Самое интересное, что шофером он не стал, наоборот, появилось отвращение к машинам. Кончилась служба — подался на Дальний Восток. Был рыбаком, брал сайру у Южно-Курильской гряды. И опять во всем лове нравилась мелочь, пустяк, картина: свешенные за борт, пылают синие люстры, снизу из черных глубин клубится, поднимается наверх к манящему свету серебристая сайра, вот уже зарябила у борта вода, переключили люстры — вспыхнул алый пламень красных ламп, шарахнулась, села в кошель рыба… Эту игру цвета только и запомнил. Проплавал сезон, подался на Камчатку в геологоразведочную партию. Чуть не утопил вездеход — переходили вброд речку, взял левее, не так, как командовал инженер, уже побывавший в этих местах. Уехал на Командоры — захотелось посмотреть самый край земли, шоферское свое умение скрыл, назвался разнорабочим, пожалели, взяли на ферму — обучили плотничать. Чинил клетки, натягивал порванные сетки, насаживал на гвозди алюминиевые звенящие тарелки-пойлушки…
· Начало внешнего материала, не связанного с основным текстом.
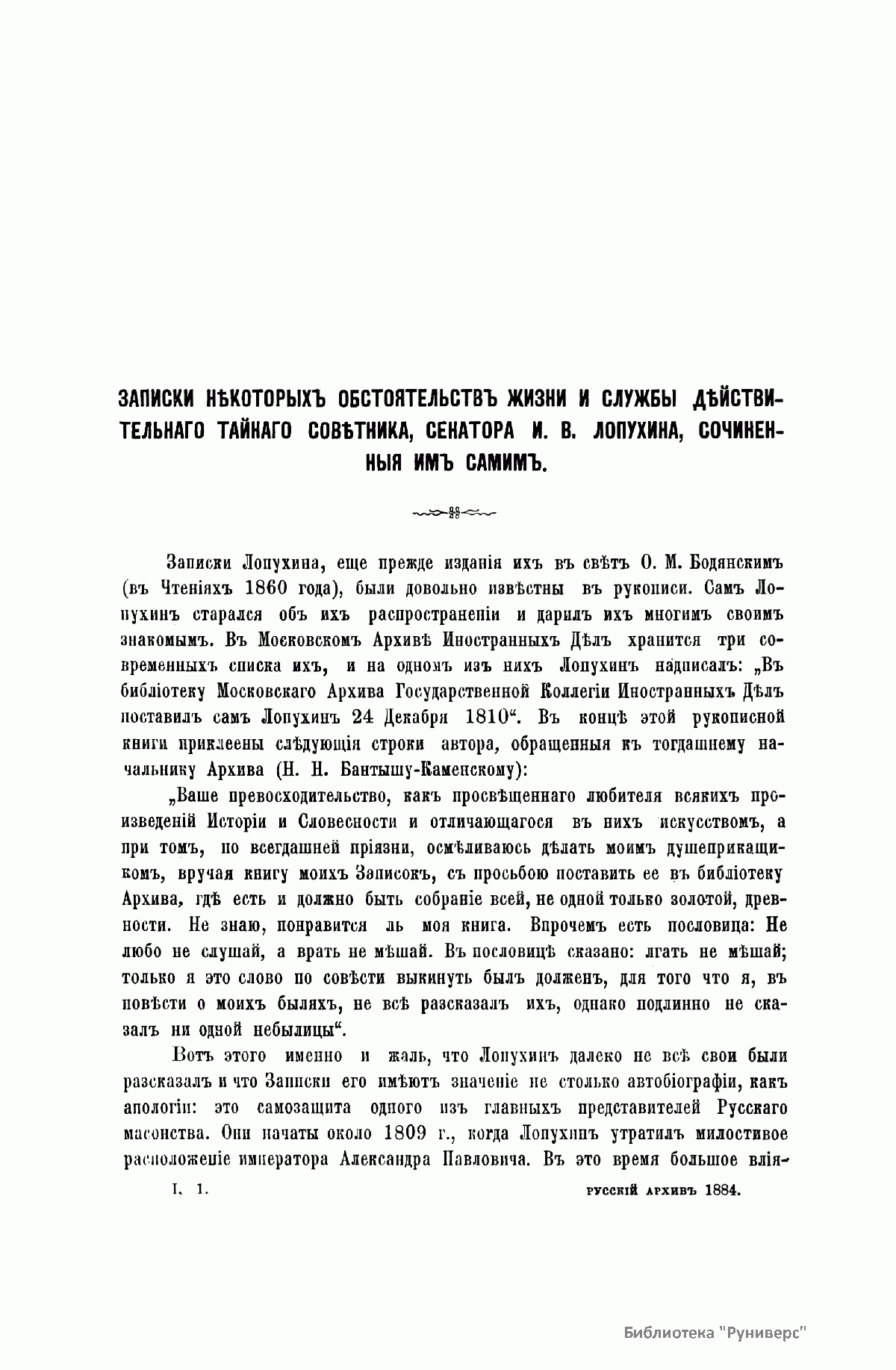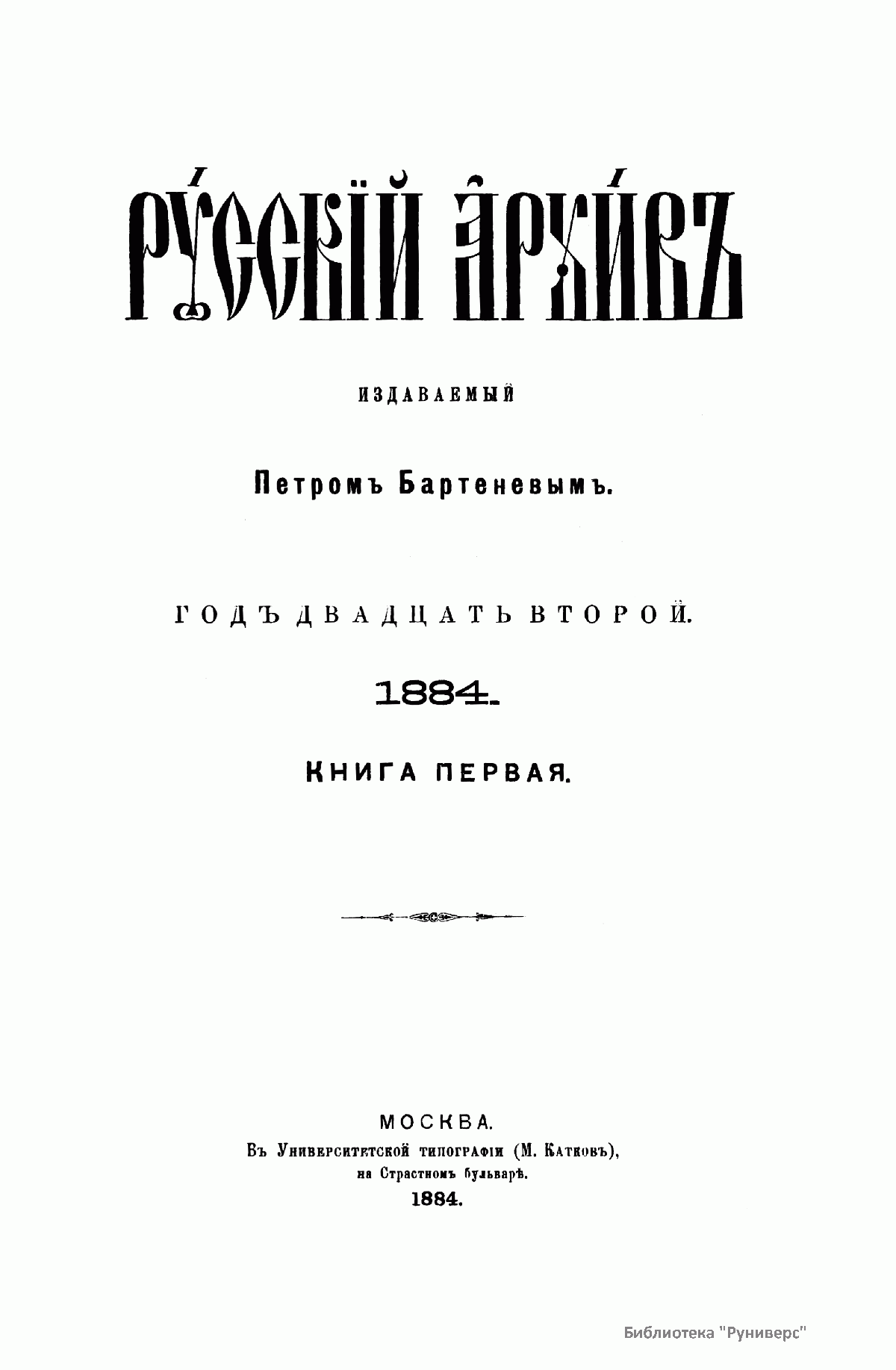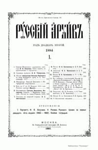 Русскiй архивъ. Историко-литературный сборникъ. 1884. Выпуски 1-2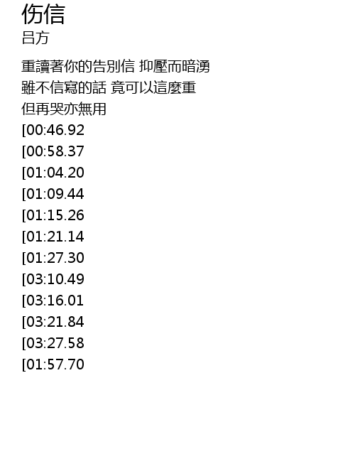 | [00:23.62] | 重讀著你的告別信 抑壓而暗湧 |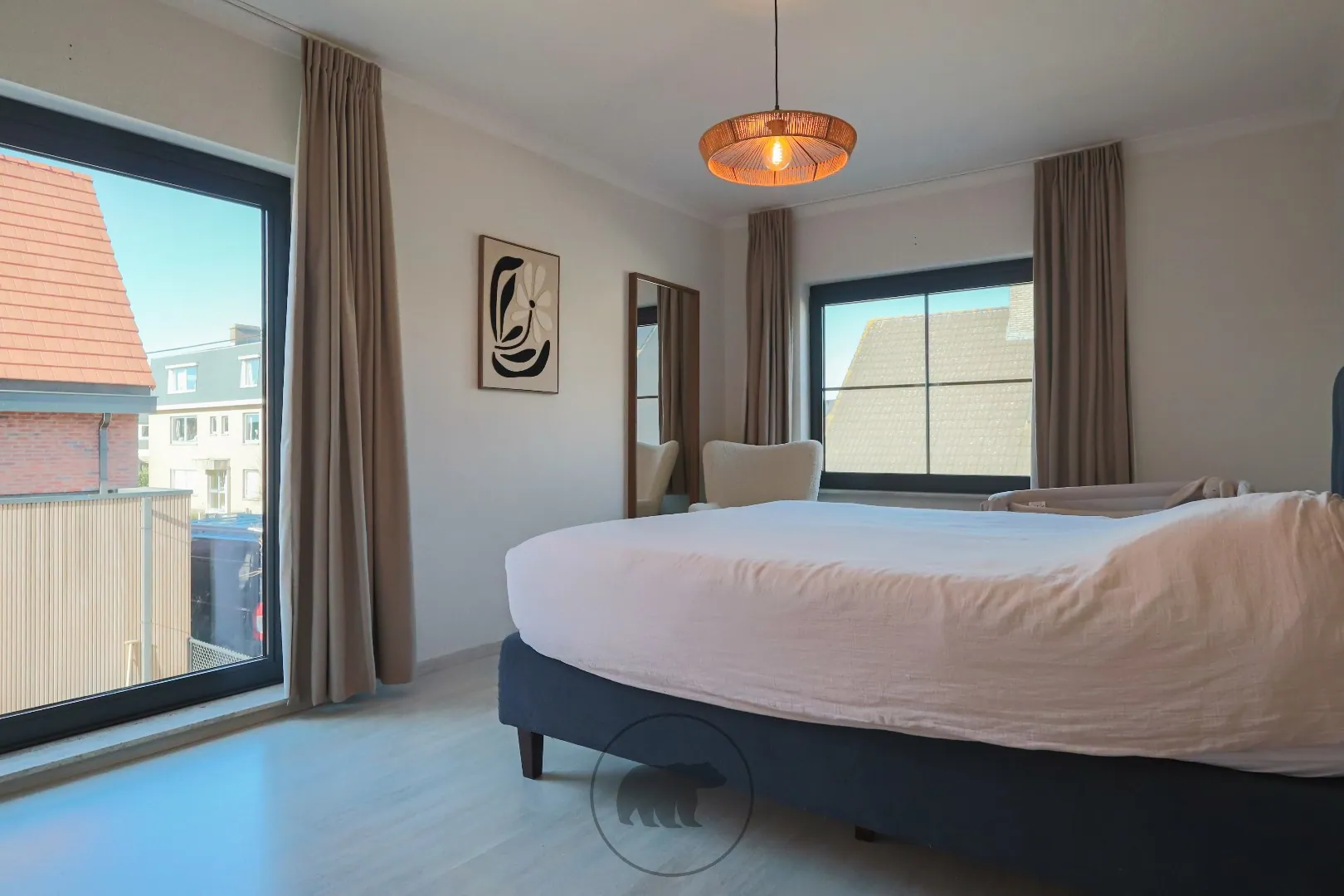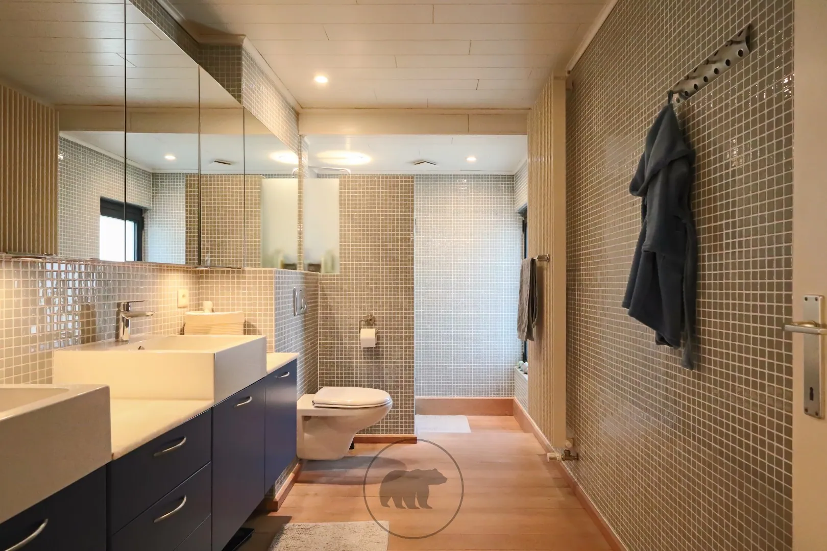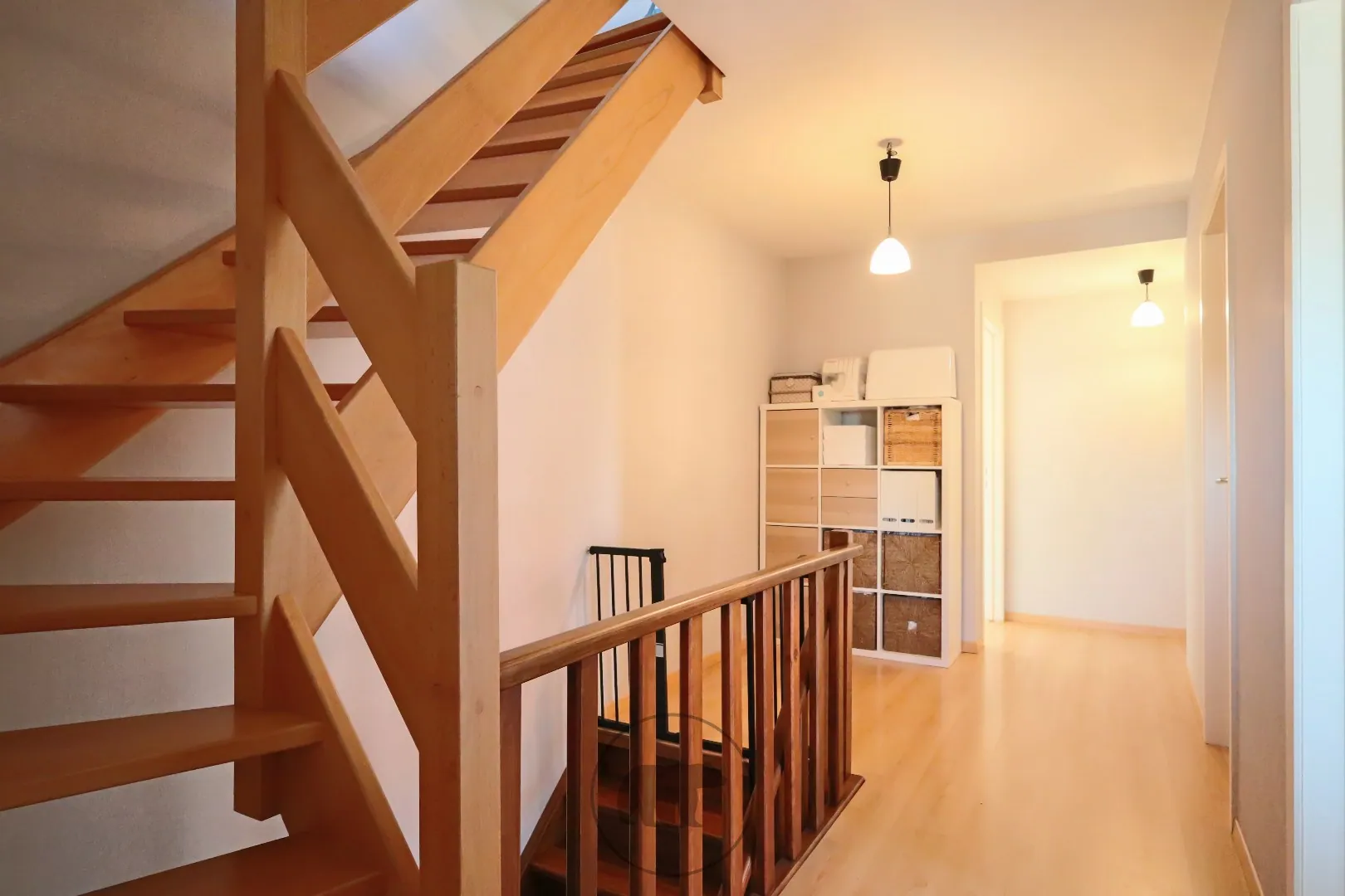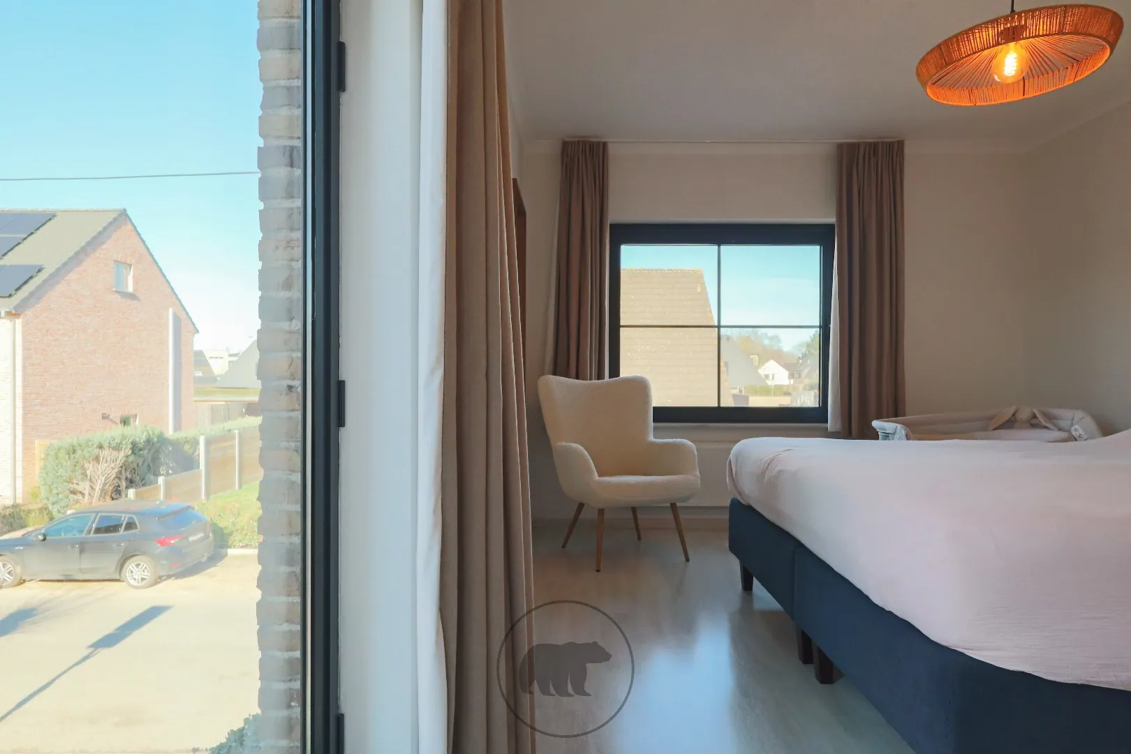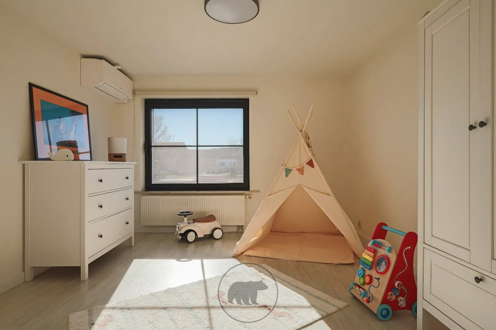 Een brede massieve trap leidt naar de eerste verdieping met 3 ruime slaapkamers voorzien van kwalitatieve laminaatvloeren. De kinderkamers achterin zijn bovendien uitgerust met airco. Grote raampartijen met vliegenramen zorgen ook hier voor de nodige lichtinval. De ruime badkamer heeft zowel een dubbele lavabo als een inloopdouche en hangtoilet. Tenslotte is er voorin een afzonderlijke wasplaats waar ook de omvormer van de zonnepanelen en de thuisbatterij werden geïnstalleerd.

— Прижился бы ты тут… Семья есть?

— Откуда…

Наконец, прибежав однажды утром, он выпалил:

— Дали отгул — два дня. Быстрее — пошли!

К морю мы спустились у памятников командору. Памятников Берингу на острове было три: в разное время кому-нибудь приходила в голову мысль увековечить имя мореплавателя. Возникновение этой мысли вполне объяснимо — в печати появлялась очередная публикация, человек, побывавший на месте гибели, писал, что, кроме старого покосившегося креста, там ничего нет, на Большой земле изготавливался монумент (в двух случаях — надгробие с обелиском и плитой, окруженное цепями, в одном — скромная колонна, увенчанная бюстом), его грузили на корабль и доставляли в бухту Никольскую. Только тут сопровождающие монумент узнавали, что от Никольского до места смерти командора еще добрых полсотни километров — без дорог, по тундре… Как доставить туда многопудовое надгробие? И каждый раз решение было простейшим: устанавливали монумент тут же, на берегу. Так получилось это скопление чугуна и гранита.

Мимо школы, мимо причала спустились к воде и, обогнув мыс, побрели вдоль берега. Тропинка удалилась от океана, под ногами зачавкал мох, перебрались через ручей, попали в заросли борщевика. Сочная высокая широколистная трава. На взгорках карликовая рябина — листья мелкие, а ягоды обычные, крупные, алые, как капли крови в траве. Часа через три вышли к юрташке — полузаваленному дерном сарайчику. Кирюха развел костер, вскрыл ножом консервную банку, я достал флягу с холодным чаем…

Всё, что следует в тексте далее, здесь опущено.